Let's not hard-code adapter_model.safetensors, let's use peft.utils.constants.SAFETENSORS_WEIGHTS_NAME.

examples/safelora/README.md

Co-authored-by: Benjamin Bossan <[email protected]>

github-actions · 2024-12-27T15:03:49Z

This issue has been automatically marked as stale because it has not had recent activity. If you think this still needs to be addressed please comment on this thread.

chiayi-hsu · 2024-12-27T20:46:42Z

Yes, it still needs to be addressed. github-actions[bot] ***@***.***>於 2024年12月27日週五，16:04寫道：

…

This issue has been automatically marked as stale because it has not had recent activity. If you think this still needs to be addressed please comment on this thread. — Reply to this email directly, view it on GitHub <#2201 (comment)>, or unsubscribe <https://github.com/notifications/unsubscribe-auth/AS67YGQHUBZIJ5BAKWVLSET2HVT6XAVCNFSM6AAAAABRJLCTH2VHI2DSMVQWIX3LMV43OSLTON2WKQ3PNVWWK3TUHMZDKNRTG44DEMJZHA> . You are receiving this because you were mentioned.Message ID: ***@***.***>

chiayi-hsu · 2025-01-09T21:49:15Z

@BenjaminBossan
I have made the modifications based on your review and ensured that the style passes by running make style. Regarding the unit test, we can follow your suggestion to use a small model like hf-internal-testing/tiny-random-OPTForCausalLM and modify part of the weights in each layer to be 0, treating it as the so-called aligned model. In our setting, we require that the weights of the base and aligned models be entirely different because we want the aligned model to be a fully fine-tuned model obtained through RLHF techniques. This ensures that the aligned matrix obtained is more flexibly applicable to various attention layers where LoRA is applied.

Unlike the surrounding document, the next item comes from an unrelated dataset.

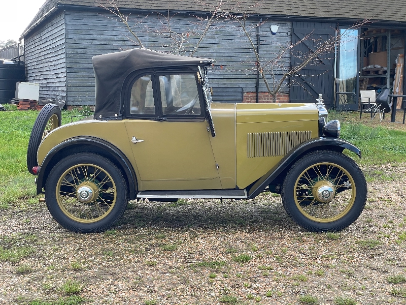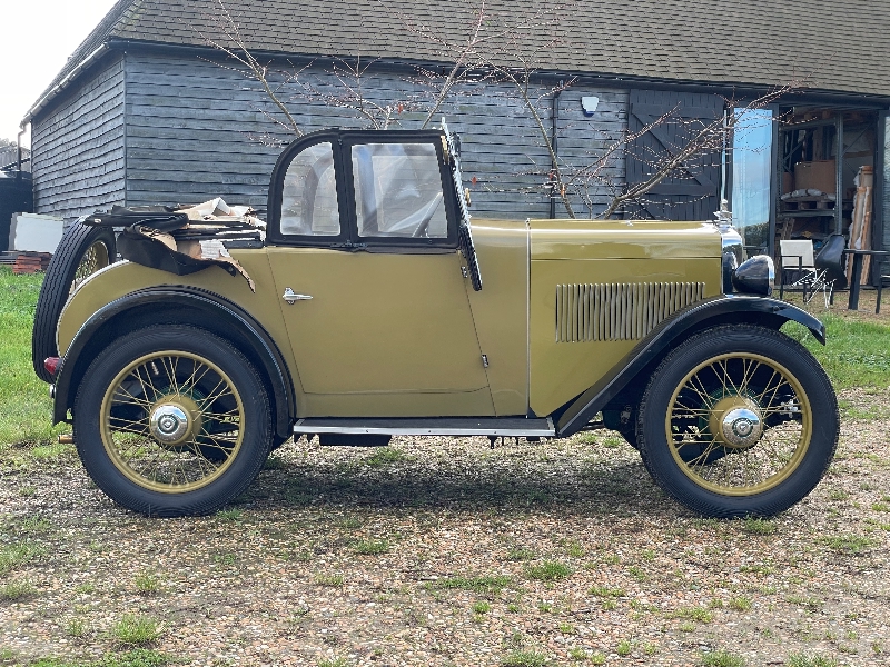 1933 Morris Minor Two Seater Tourer. A rarely available Two Seater Tourer in a stunning colour combination. Starts on the button with good oil pressure. Hydraulic brake converted ('32 Minors were fitted back to the old cable braking system and this has a later, so I understand, Minor hydraulic system. It was probably done in the 50's/60's when parts were readily available for them. It looks original, but I was told the '32/'33 Minors didn't have them originally.) Previous owner for 50 years. Suitcase full of books, original Buff log book and trophies. Original sidevalve engine included - this was removed decades ago, but adds to the car's originality - it is still fitted with the exact same sidevalve engine, which is period and vehicle correct. New front cylinders and flex lines. New stainless exhaust. New water inlet gasket. Coolant system flushed with new core plugs. Absolutely no rust and dry stored for the last 55 years. The hood and side windows are good, X5 tyres are good and the leather bench seat is beautifully patinated and comfortable. Bodywork is very good for 92 years of age, front wings have some paint flaking and marks commensurate with age. I’ve still some minor jobs to do, such as bleed the brakes and tune the carb, but the weather is awful at present so I haven't been able to pull it out. If someone wanted to take it as it is, I will of course reduce the price accordingly. Viewing welcome in East Sussex. Please only view if you are serious buyer who knows the value of these cars. The asking price is very realistic, though I am open to very close offers. Transport can be arranged/a contact number provided for a very good company.

I would like to ask about the unit test part. Do I need to write test scripts for this? Are there any specific rules or things I should pay attention to?

BenjaminBossan

Thank you for the updates.

I reviewed the PR again and found a few more things that can be improved, it's mostly about clarity and formatting.

Regarding the unit tests:

I think it would be easiest to proceed as follows. Let's create a new file, tests/test_safelora.py. Next, I created a small template for you to get started:

class TestSafeLora:
    model_id = "hf-internal-testing/tiny-random-OPTForCausalLM"

    @pytest.fixture(scope="class")
    def aligned_model_path(self, tmp_path):
        # we create a fake aligned model where the weights differ from the base model
        model = AutoModelForCausalLM.from_pretrained(self.model_id)
        for param in model.parameters():
            # modify the parameters to be different
            ...

        model.save_pretrained(tmp_path / "aligned_model")

    @pytest.fixture
    def lora_path(self, tmp_path):
        # create a LoRA adapter
        model = AutoModelForCausalLM.from_pretrained(self.model_id)
        lora_config = LoraConfig(init_lora_weights=False)  # initialize LoRA so that it's not a no-op
        model = get_peft_model(model, lora_config)
        model.save_pretrained(tmp_path / "lora")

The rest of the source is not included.